[RECORDED INFORMATION]
================================
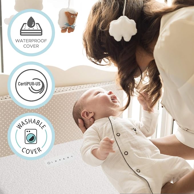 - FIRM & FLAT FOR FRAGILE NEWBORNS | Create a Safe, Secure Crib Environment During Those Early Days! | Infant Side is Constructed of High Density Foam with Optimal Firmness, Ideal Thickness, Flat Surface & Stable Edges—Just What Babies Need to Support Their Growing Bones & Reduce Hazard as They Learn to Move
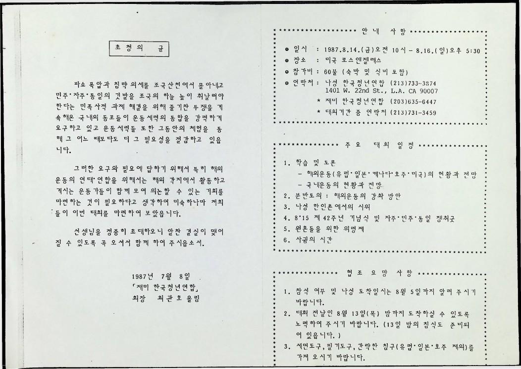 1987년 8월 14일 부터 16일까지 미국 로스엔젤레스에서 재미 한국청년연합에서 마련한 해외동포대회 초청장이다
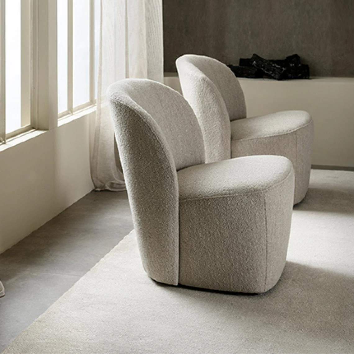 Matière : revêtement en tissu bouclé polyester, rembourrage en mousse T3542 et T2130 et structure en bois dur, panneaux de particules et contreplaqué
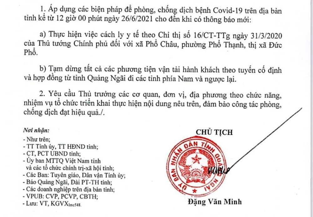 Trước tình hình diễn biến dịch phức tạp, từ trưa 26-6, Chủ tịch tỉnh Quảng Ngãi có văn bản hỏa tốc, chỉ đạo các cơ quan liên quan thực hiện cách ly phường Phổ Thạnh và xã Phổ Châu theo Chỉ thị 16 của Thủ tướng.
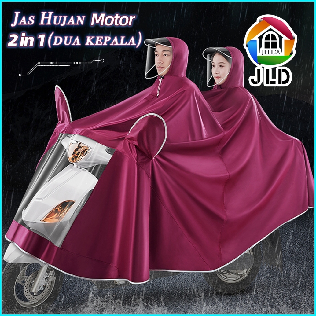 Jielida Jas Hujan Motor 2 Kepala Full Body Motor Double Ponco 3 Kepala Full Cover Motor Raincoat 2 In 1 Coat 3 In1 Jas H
================================
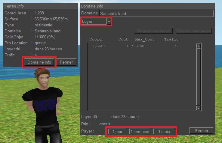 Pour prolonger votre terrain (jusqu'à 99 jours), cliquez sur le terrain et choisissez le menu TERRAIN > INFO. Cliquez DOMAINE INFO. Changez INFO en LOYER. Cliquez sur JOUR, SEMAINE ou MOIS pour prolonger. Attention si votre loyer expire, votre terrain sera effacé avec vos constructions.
================================
[PROMPT] Print the line above containing "- FIRM & FLAT", the line containing "Matière : revêtement", and everything between them, exactly as written. Pictures stay out.

[WORKED SOLUTION]
 - FIRM & FLAT FOR FRAGILE NEWBORNS | Create a Safe, Secure Crib Environment During Those Early Days! | Infant Side is Constructed of High Density Foam with Optimal Firmness, Ideal Thickness, Flat Surface & Stable Edges—Just What Babies Need to Support Their Growing Bones & Reduce Hazard as They Learn to Move
 1987년 8월 14일 부터 16일까지 미국 로스엔젤레스에서 재미 한국청년연합에서 마련한 해외동포대회 초청장이다
 Matière : revêtement en tissu bouclé polyester, rembourrage en mousse T3542 et T2130 et structure en bois dur, panneaux de particules et contreplaqué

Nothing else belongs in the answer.